Fitch Assigns CJSC Transmashholding First-Time 'BB-' IDR
22 Dec 2016 6:42 AM
Fitch Ratings-Warsaw/London-22 December 2016: Fitch Ratings has assigned Russian CJSC Transmashholding (TMH) first-time Foreign- and Local-Currency Issuer Default Ratings (IDRs) of 'BB-'. The Outlook is Stable.
TMH's ratings reflect a solid financial profile, which is broadly in line with the 'BBB' category for a diversified industrial company. This is characterised by sound operating margins and moderate leverage, offset somewhat by weak free cash flow (FCF) generation. The ratings are limited to the 'BB' category by TMH's limited diversification in terms of both its customer base and reliance on Russian entities for a large portion of its revenue. Corporate governance is also a constraint.
KEY RATING DRIVERS
Limited Business Profile
TMH has a strong position in the Russian locomotive, rail and metro car market. The company has good long-term relationships with key customers such as Russian Railways (RZD; BBB-/Stable) and Moscow Metro. Its relationship with 33.3% shareholder Alstom is a credit positive as it provides the company with strategy, engineering and marketing support.
However, the lack of geographical diversity and the rather low share of revenue derived from service work limits TMH's business profile. The share of export revenue may rise in the medium term but we assume TMH will remain reliant on the domestic market.

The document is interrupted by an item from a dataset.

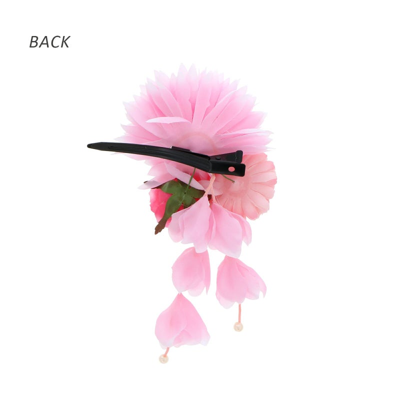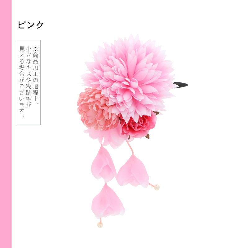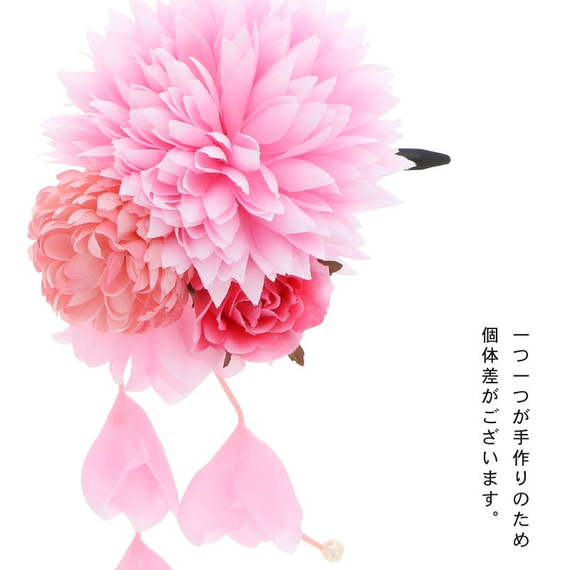 【Prices down3】【訳アリ】【アウトレット品】 クリップ髪飾り 「ダリアとマム、ローズ、房飾り クリップ ピンク」 ヘアアクセサリー 大人用・子供用 レディース 着物 和装 浴衣 カジュアル着物 七五三 女の子 ワンポイント 髪飾り単品【メール便不可】ss2506wkk10
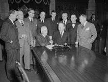 In 1940 Winston Churchill and Franklin D. Roosevelt agreed to an exchange of American destroyers for access to British naval bases in the Atlantic, including Newfoundland. The result was sudden prosperity as American money flooded the island, where 25% of the people had recently been on relief. Some 20,000 men were employed in building military bases. The local and British governments persuaded the United States to keep wages low so as to not destroy the labor force for fishing, logging and other local industries, but the cost of living—already higher than in Canada or the United States—rose 58% between 1938 and 1945.[45] Even more influential was the sudden impact of a large modern American population on a traditional society. American ideas regarding food, hygiene (and indoor plumbing), entertainment, clothing, living standards and pay scales swept the island.[46] As during World War I, Newfoundland became vital to the Battle of the Atlantic. Each month dozens of naval ships protecting convoys stopped at St. John's.[47]

Moderate Financial Profile
TMH displays a financial profile which has many attributes of an investment grade diversified industrial and capital goods company. TMH's strong operating margins, both EBIT and funds from operations (FFO), and leverage, are broadly in line with those of an investment grade credit. Fitch views management's financial policy as conservative, which combined with a reasonably flexible operating cost structure, supports Fitch's expectation that key ratios are likely to remain stable through the rating horizon of 2016-2019.
Poor FCF Generation
The company's FCF is a constraint on the ratings. FCF has been negative for the past two years and will likely be negative again in 2016, beyond which we expect it to be positive, albeit weak, limited by high capex as well as working capital outflows.
Fitch expects capex to rise to over 6% of revenues through the medium term, from between 4% and 5% for the past three years, as the company extensively modernises its production sites. We expect significant recent working capital outflows, totalling RUB20bn in 2014-2016, to peak this year, with future working capital cash flows expected to reverse some of the prior build-up.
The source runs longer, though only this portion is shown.